U.S. May job numbers are a booming 339,000 as the labour market continued to shrug off high interest rates and persistent inflation. Economists surveyed by Bloomberg had estimated that 195,000 jobs were added last month. Employers posted a historically high 10.1 million job openings in April, up from 9.7 million the prior month and reversing a recent slowing trend. At the same time, the number of people quitting jobs fell to the lowest level in two years.
Looks like Cleveland Fed president Loretta Mester will be right saying there’s no “compelling” reason to wait before hiking interest rates again. The June 13th CPI report could just be the icing on the cake for another Fed rate increase.
You might find this as some surprising info. Forget about going electric, we will not be able to keep the current grid going, let alone expand it and the US buys oil from Russia.
The US has not built a major refinery in 40 years. In Q1 40% of diesel imports into the US NE were from India, that gets their oil from Russia, makes a joke about sanctions on Russia. Another joke is the talk of the US military going electric. What would be the battery size for an Abram Tank? How do you move electricity across the battlefield to recharge? And furthermore China owns the supply chain for critical and battery minerals.
A huge challenge for the US and Canadian electrical grid is transformers and guess who makes them. China of course. There is a chronic shortage of transformers and in a letter to federal lawmakers in November, the electric utility sector sounded the alarm.
“Throughout 2022, the electric sector and representatives from residential and commercial building sectors have been calling attention to the unprecedented supply chain challenges both industries have been facing in procuring equipment used to maintain and grow the electric grid. Specifically, electric utilities continue to have significant problems in procuring basic equipment – particularly distribution transformers – needed to operate the grid, provide reliable electric service, and restore power following severe storms and natural disasters.

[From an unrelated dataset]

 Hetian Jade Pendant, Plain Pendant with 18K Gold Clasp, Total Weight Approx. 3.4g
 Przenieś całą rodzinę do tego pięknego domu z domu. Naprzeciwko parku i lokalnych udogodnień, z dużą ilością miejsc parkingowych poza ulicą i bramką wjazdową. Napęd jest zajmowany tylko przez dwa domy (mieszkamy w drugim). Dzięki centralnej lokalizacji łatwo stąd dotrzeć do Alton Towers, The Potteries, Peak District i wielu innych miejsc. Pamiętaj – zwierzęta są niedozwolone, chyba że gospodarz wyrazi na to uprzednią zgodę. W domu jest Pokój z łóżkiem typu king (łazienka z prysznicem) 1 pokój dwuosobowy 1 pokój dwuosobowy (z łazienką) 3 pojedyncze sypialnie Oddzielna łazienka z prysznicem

In housing construction, this is further exacerbating their ability to address the housing affordability crisis facing our nation….

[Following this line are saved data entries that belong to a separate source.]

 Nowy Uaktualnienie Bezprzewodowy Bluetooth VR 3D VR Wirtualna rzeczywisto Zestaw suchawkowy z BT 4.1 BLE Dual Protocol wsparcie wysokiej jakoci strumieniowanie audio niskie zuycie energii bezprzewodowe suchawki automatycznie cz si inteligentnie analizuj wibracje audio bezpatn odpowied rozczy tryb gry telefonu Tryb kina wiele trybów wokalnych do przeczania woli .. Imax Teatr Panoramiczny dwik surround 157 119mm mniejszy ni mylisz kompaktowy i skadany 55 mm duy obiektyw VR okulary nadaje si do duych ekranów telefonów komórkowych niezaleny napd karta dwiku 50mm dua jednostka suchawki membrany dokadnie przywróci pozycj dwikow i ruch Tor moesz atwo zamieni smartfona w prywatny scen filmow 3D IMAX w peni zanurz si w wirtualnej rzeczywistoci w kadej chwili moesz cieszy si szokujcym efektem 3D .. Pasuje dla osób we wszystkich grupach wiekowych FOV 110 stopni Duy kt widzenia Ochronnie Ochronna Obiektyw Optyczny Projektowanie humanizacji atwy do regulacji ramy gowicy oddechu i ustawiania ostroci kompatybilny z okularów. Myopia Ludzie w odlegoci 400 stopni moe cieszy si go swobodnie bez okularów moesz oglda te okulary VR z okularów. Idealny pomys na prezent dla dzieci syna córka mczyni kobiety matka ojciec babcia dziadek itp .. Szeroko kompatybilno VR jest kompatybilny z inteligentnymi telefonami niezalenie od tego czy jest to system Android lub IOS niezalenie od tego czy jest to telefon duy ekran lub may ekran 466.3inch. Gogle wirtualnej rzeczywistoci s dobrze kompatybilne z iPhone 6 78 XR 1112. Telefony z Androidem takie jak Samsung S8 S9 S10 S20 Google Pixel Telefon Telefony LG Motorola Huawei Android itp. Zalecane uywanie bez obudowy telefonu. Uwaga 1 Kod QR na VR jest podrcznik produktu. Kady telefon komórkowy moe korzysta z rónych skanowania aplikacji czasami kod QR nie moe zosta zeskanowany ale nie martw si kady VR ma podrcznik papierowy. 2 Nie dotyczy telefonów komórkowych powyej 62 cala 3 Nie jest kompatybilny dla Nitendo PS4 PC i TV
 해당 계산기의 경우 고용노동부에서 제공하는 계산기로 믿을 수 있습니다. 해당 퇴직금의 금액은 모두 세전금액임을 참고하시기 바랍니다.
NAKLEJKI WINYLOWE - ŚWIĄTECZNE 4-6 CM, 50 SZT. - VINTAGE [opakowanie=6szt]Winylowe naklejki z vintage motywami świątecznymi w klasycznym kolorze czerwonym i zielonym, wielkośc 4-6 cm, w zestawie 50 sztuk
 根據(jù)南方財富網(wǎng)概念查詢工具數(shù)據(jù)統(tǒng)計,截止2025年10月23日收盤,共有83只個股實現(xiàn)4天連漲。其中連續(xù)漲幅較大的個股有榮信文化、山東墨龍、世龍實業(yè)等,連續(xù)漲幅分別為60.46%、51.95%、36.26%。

Between 2020 and 2022, average lead times to procure distribution transformers across all segments of the electric industry and voltage classes rose 443 percent. The same orders that previously took two to four months to fill are now taking on average over a year. This is a serious threat to reliability.”

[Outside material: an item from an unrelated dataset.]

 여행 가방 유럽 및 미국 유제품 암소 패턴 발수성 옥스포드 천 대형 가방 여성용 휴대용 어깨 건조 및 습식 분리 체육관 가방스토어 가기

Transformers play an essential role to transport electricity over distances and locally. Some of you will remember David Tice as we did well with his Prudent Bear fund a long time back. He has created his 2nd film that I am aware of and this new excellent video is called 'Grid Down Power Up' by David Tice
https://griddownpowerup.com/watch-gdpu/ Also of interest, Tice expects China to invade Taiwan before the Biden Administration ends. This video is a must view. We need to prepare.
Zonte Metals - - - TSXV:ZON - - - - OTC:EREPF
Opinion – Buy at 8 and 9 cents
About 2 weeks ago, I suggested averaging down with Zonte from $0.15 to $0.12 but be patient with bids at $0.08 and $0.09. Yesterday the patience paid off as the stock traded 234,000 down to 8 cents. Last week it traded 55,000 down at $0.95 to $0.09 so I have officially listed our entry price at $0.12 now. As you can see and the chart below, the stock trades thin at these prices so I would continue with bids at 8 and 9 cents, the drill program has not been announced yet.
Liquidity will increase once in the $0.15 to $0.20 range.